* **Work instructions**
Write out the opening lines of the data word for word, up to and including the line with "Kさんは,西アジアについて調", and leave every picture and every later line out.

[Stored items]
=-=-=
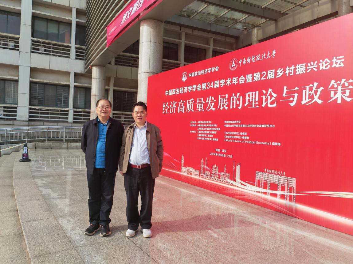2024年4月20-21日,由中国政治经济学学会主办,中南财经政法大学经济学院、中国社会科学院马克思主义经济社会发展中心、上海财经大学海派经济学研究院承办的中国政治经济学学会第34届学术年会暨第2届乡村振兴论坛在武汉市召开。著名马克思主义政治经济学专家程恩富教授,中国政治经济学学会会长侯为民教授,以及来自全国90多所高等院校和科研机构的320多名代表出席了大会。我院罗建文教授应邀参加了本次论坛。
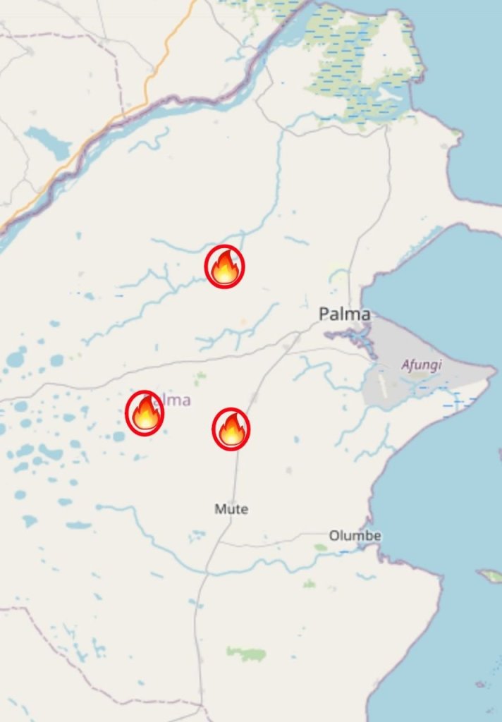A local source confirmed the outbreak of large fires in the Palma region in the last 24 hours, which may reflect attacks or clashes on the ground, attributed to IS militants (ISCAP) and the Mozambican army.
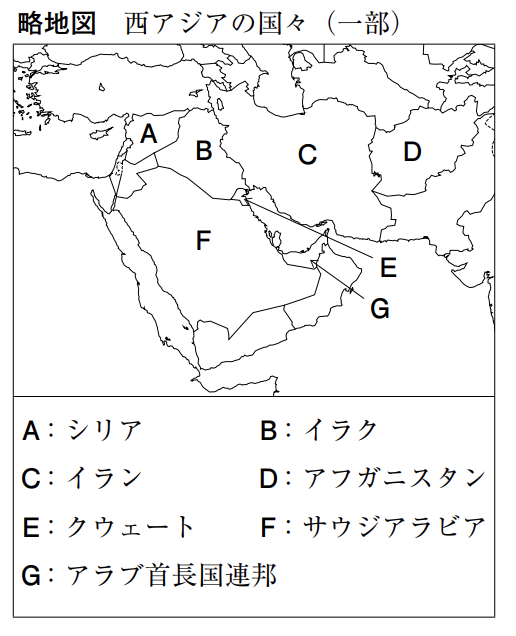 Kさんは,西アジアについて調べ,次のレポートと略地図を作成した。これらについて,あとの各問いに答えなさい。
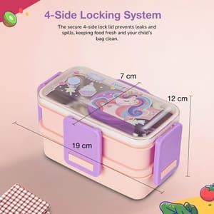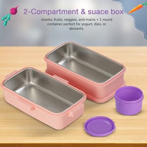 Make every meal exciting and organized with the Baybee Kids Bento Lunch Box, a perfect companion for school, daycare, picnics, or travel. This premium kids lunch box features two stackable compartments (500ml + 500ml) and a bonus 80ml dip container, ideal for carrying a balanced meal rice, pasta, fruits, snacks, or curries all in one leakproof box. Crafted from high-quality stainless steel and BPA-free plastic, this tiffin box for kids is food-safe, eco-friendly, rust-resistant, and built to last. The 4-side lock system with a silicone ring provides a 100% leakproof lunch box solution, ensuring food stays fresh and mess-free all day. The fun dinosaur design adds a playful touch, making this school lunch box for boys and girls more appealing to kids. Lightweight and compact, it fits easily into backpacks and is perfect for toddler lunch box, travel lunch box, or even a picnic box. The removable steel trays make it easy to clean and maintain. Whether you're packing meals for preschool, kindergarten, or primary school, the Baybee bento lunch box offers the ideal mix of durability, safety, and fun. It s a great choice for parents looking for a durable lunch box, leakproof bento box, or healthy kids meal container for daily use.
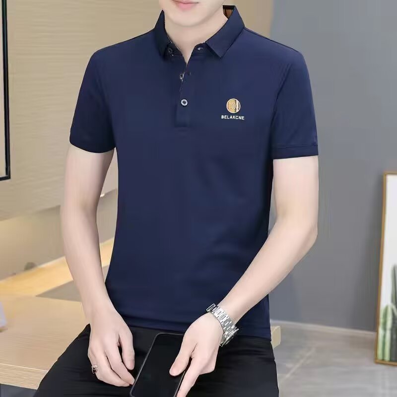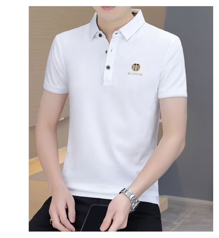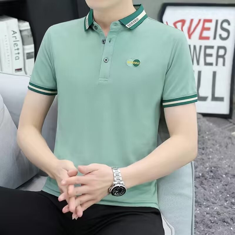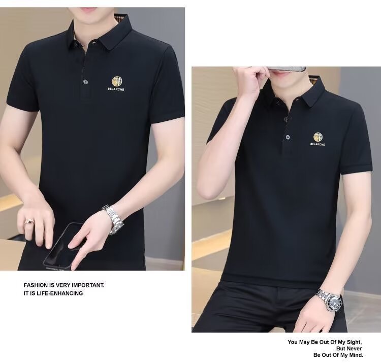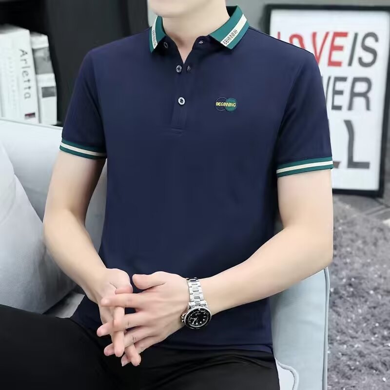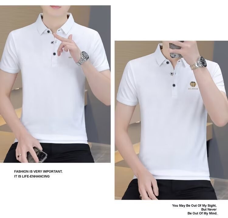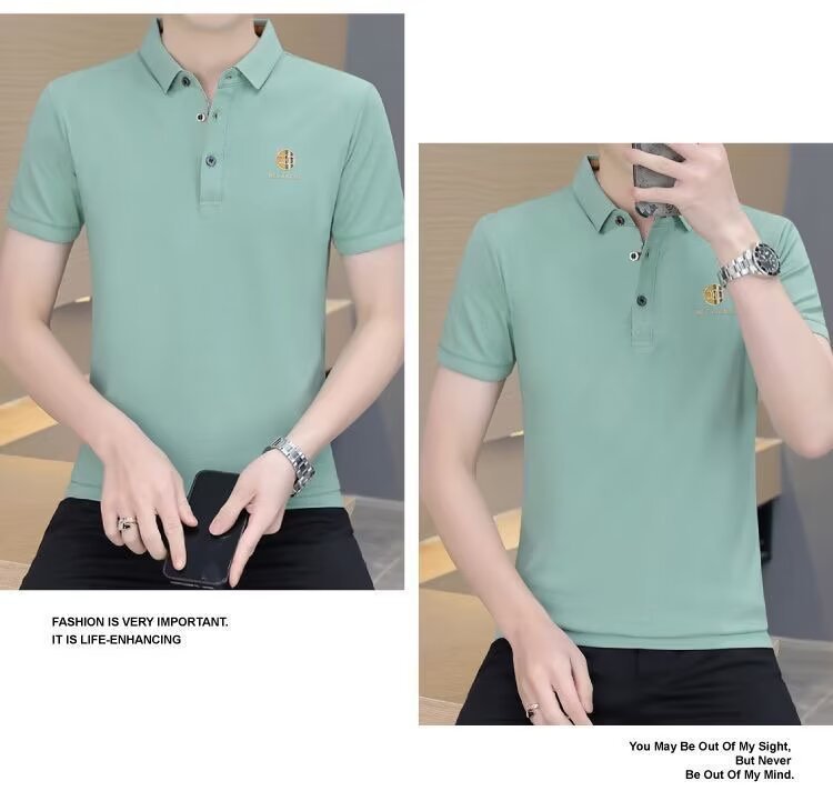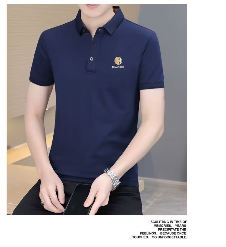 남자 반팔 티셔츠 옷깃 하프 소매 2025 칼라 남성 버튼 사업 남성 티셔츠 반소매 남성 도매스토어 가기
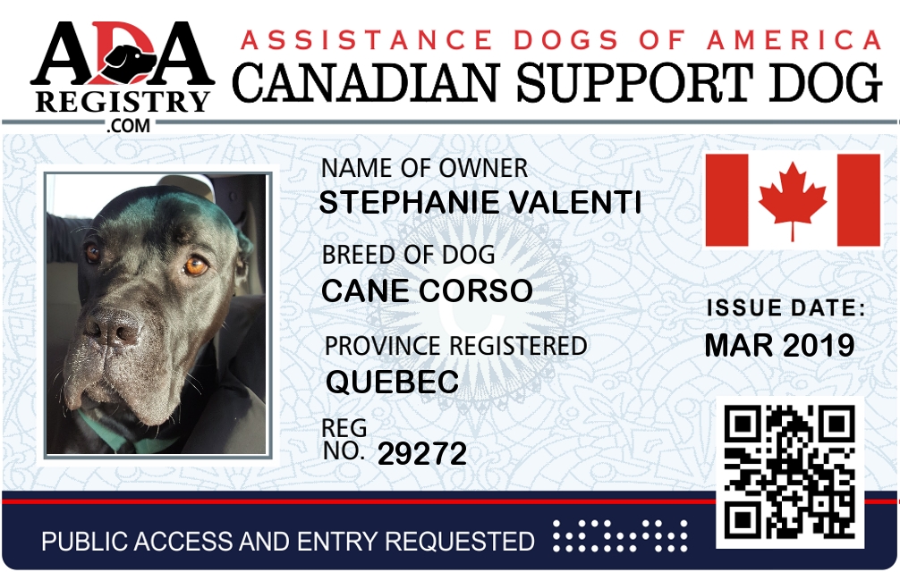 Emotional Support Dog Registration for Harley Zenga
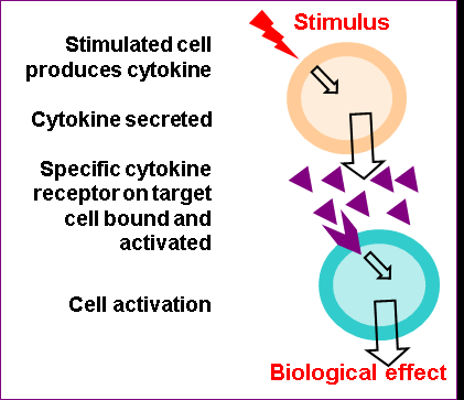 Cytokines tend to bind to high affinity receptors and the target cells and mediate their effects. Specific cytokines mediate specific reactions.
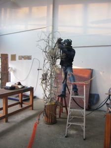 Le totem lui a prit tournure, il s'est paré de ses masques il cherche encore le mouvement vers le ciel, nous avons, entre deux lettres, soudé (enfin Ali et Ti) coupé abrasé et ressoudé, demain, demain c'est sûr il s'élancera
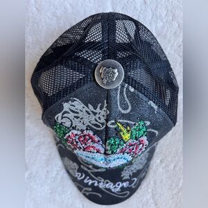 Vintage skull, flowers, and rhinestone trucker hat.
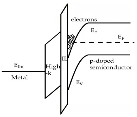 Let us have a multi-layer model structure (Figure 1) where the region z ≤ −(L + D) is occupied by the gate metal, the region −(L + D) < z ≤ −L is filled by the dielectric oxide layer of thickness D and dielectric constant , the region −L < z ≤ 0 is filled by the dielectric passivation inter-layer (IL) of thickness L and dielectric constant , and finally the region 0 < z ≤ ∞ is occupied by the semiconductor with the dielectric constant and the dotted line here represents the inversion channel boundary. Here, the z axis is perpendicular to the gate layer interfaces. In order to offer more visibility in Figure 2, the band vending diagram of the discussed structure is also given.
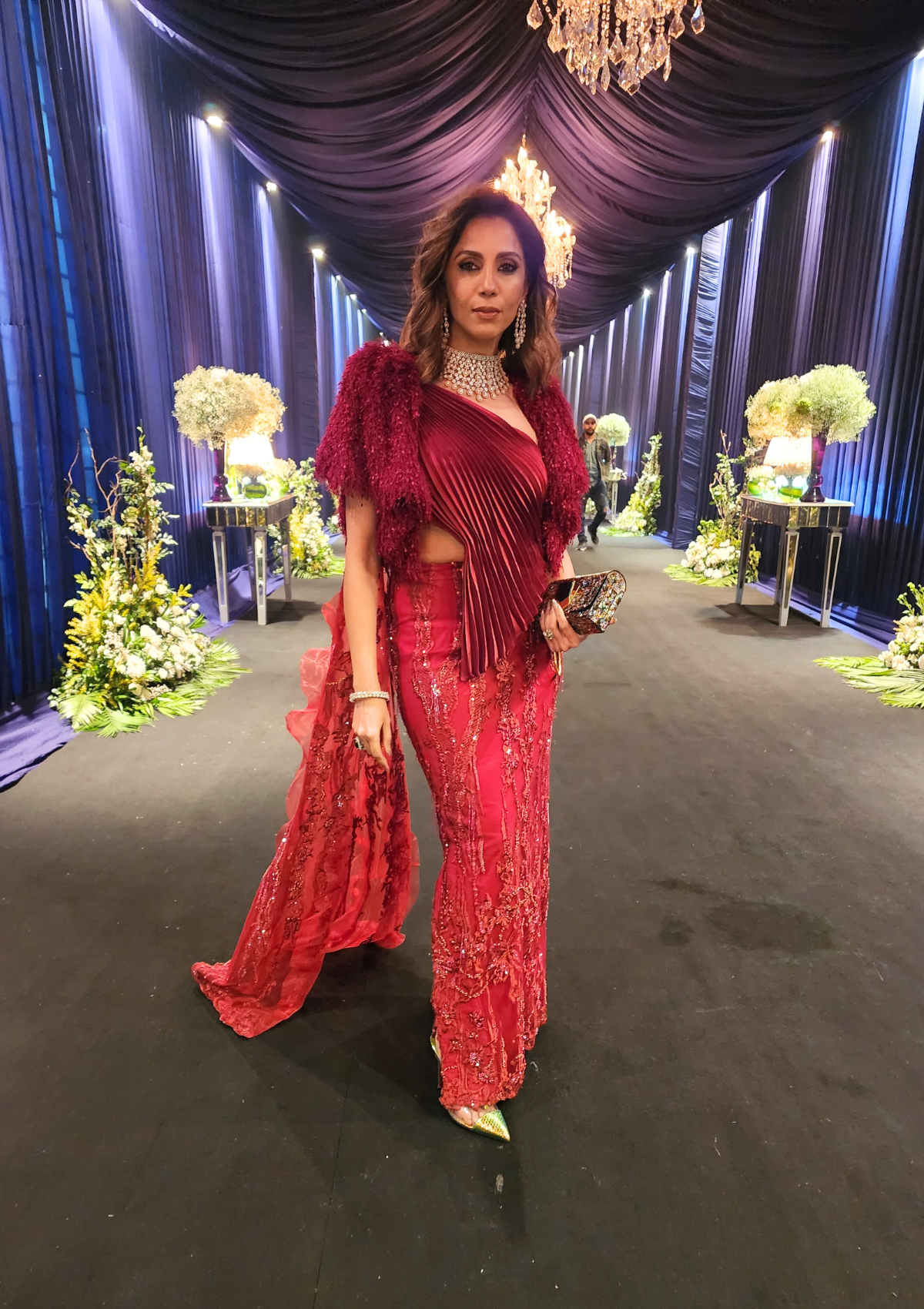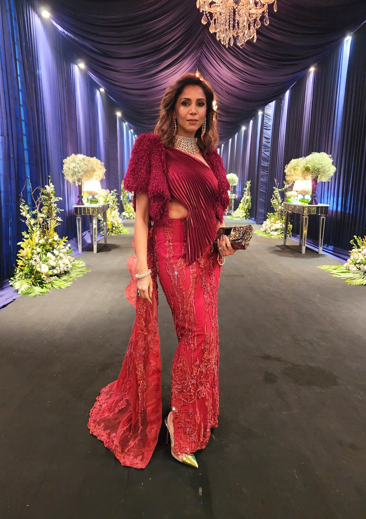 A mesmerizing ensemble blending elegance and allure. With a pleated top exuding sophistication and a sequin skirt adding sparkle, it's a captivating choice for any special occasion. Complete with a graceful trail, this ensemble ensures you leave a lasting impression wherever you go.
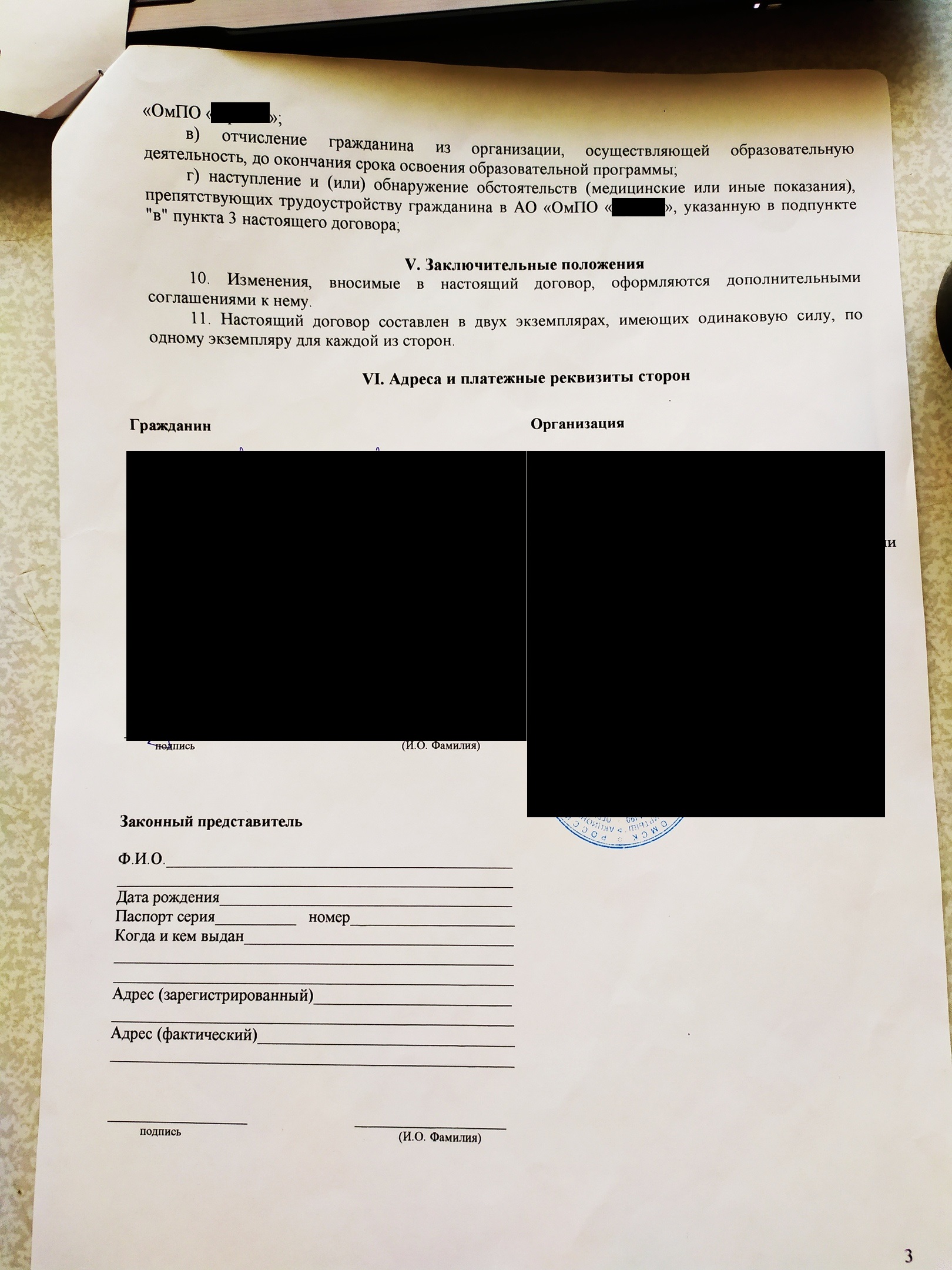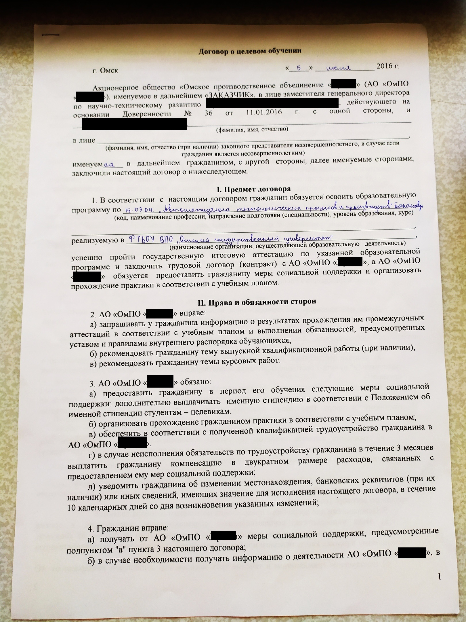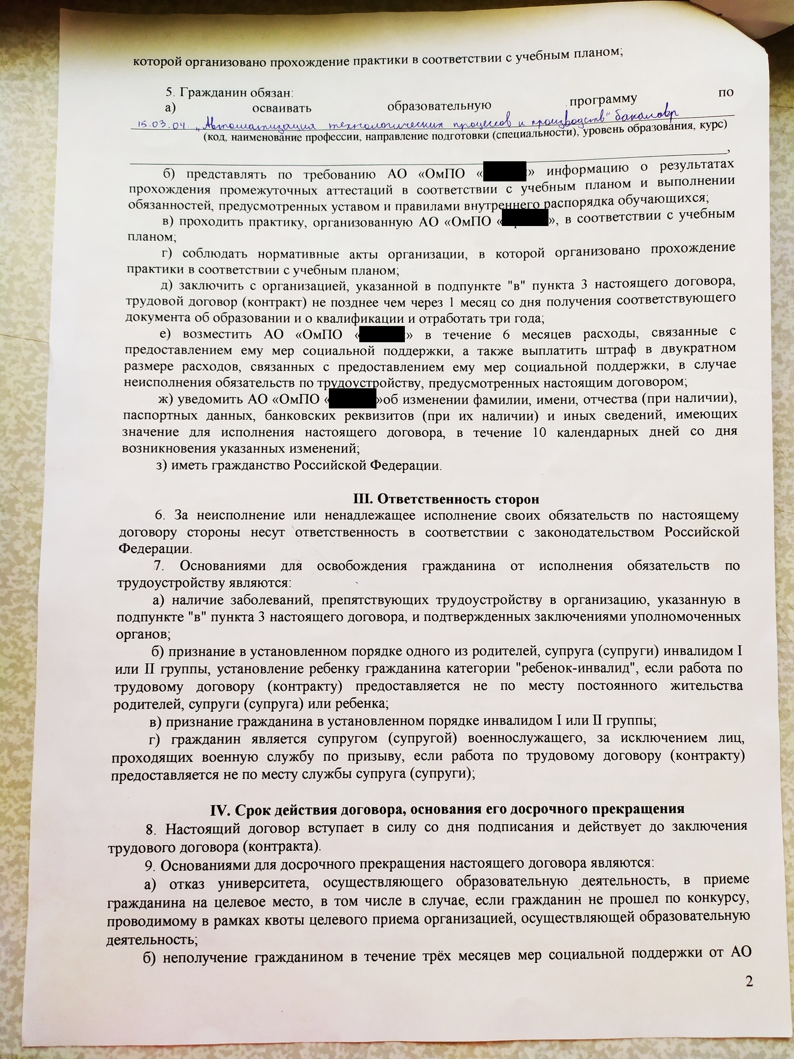 Здравствуйте! 5 июля 2016 года заключила двусторонний договор о целевом обучении с акционерным обществом "Производственное объединение ***" (ПО ***). По этому договору я обязана: 1) осваивать образовательную программу по специальности 15.03.04 2) предоставлять по требованию ПО .*** информацию о результатах прохождения промежуточной аттестации; 3) проходить практику организованную ПО ***; 4) заключить с организацией трудовой договор (контракт) не позднее чем через 1 месяц со дня получения соответствующего договора документа об образовании и о квалификации и отработать три года; 5) возместить ПО *** в течении 6 месяцев расходы связанные с предоставлением ему мер социальной поддержки, а также выплатить штраф в двухкратном размере расходов, связанных с предоставлением ему мер соц. поддержки, в случае неисполнения обязательств по трудоустройству, предусмотренных настоящим договором; Обязанности ПО ***: 1) предоставить гражданину в период его обучения следующие меры социальной поддержки: дополнительно выплачивать именную стипендию в соответствии с Положением об именной стипендии студентам - целевикам; Основания досрочного прекращения договора: 1) неполучение гражданином в течении трех месяцев мер социальной поддержки от ПО *** Сейчас я обучаюсь на 4 курсе и после получения диплома я не хочу идти отрабатывать 3 года на этом ПО, так как вижу для себя более перспективные варианты, при этом во время обучения ПО не выплачивало мне соц. поддержку, т. е. стипендию, при этом за время обучения я два раза обращалась на ПО чтобы узнать, что нужно для получения стипендии, они отвечали что необходимо собрать документы, все документы я собирала, оригинал и копии по электронной почте, каждый раз меня "кормили завтраками", говорили о каком-то собрании по поводу стипендий, которого ещё не было, но не говорили когда оно будет , но организовывало все необходимые практики. Так же во время обучения в ВУЗе я проходила платные курсы, организованные ВУЗом, их мне оплачивало ПО, в общем ПО оплатило 20 тысяч рублей Могу ли я после получения диплома не отрабатывать три года на этом ПО, так как они не платили мне стипендию?
=-=-=
* **Answer area**
2024年4月20-21日,由中国政治经济学学会主办,中南财经政法大学经济学院、中国社会科学院马克思主义经济社会发展中心、上海财经大学海派经济学研究院承办的中国政治经济学学会第34届学术年会暨第2届乡村振兴论坛在武汉市召开。著名马克思主义政治经济学专家程恩富教授,中国政治经济学学会会长侯为民教授,以及来自全国90多所高等院校和科研机构的320多名代表出席了大会。我院罗建文教授应邀参加了本次论坛。
A local source confirmed the outbreak of large fires in the Palma region in the last 24 hours, which may reflect attacks or clashes on the ground, attributed to IS militants (ISCAP) and the Mozambican army.
 Kさんは,西アジアについて調べ,次のレポートと略地図を作成した。これらについて,あとの各問いに答えなさい。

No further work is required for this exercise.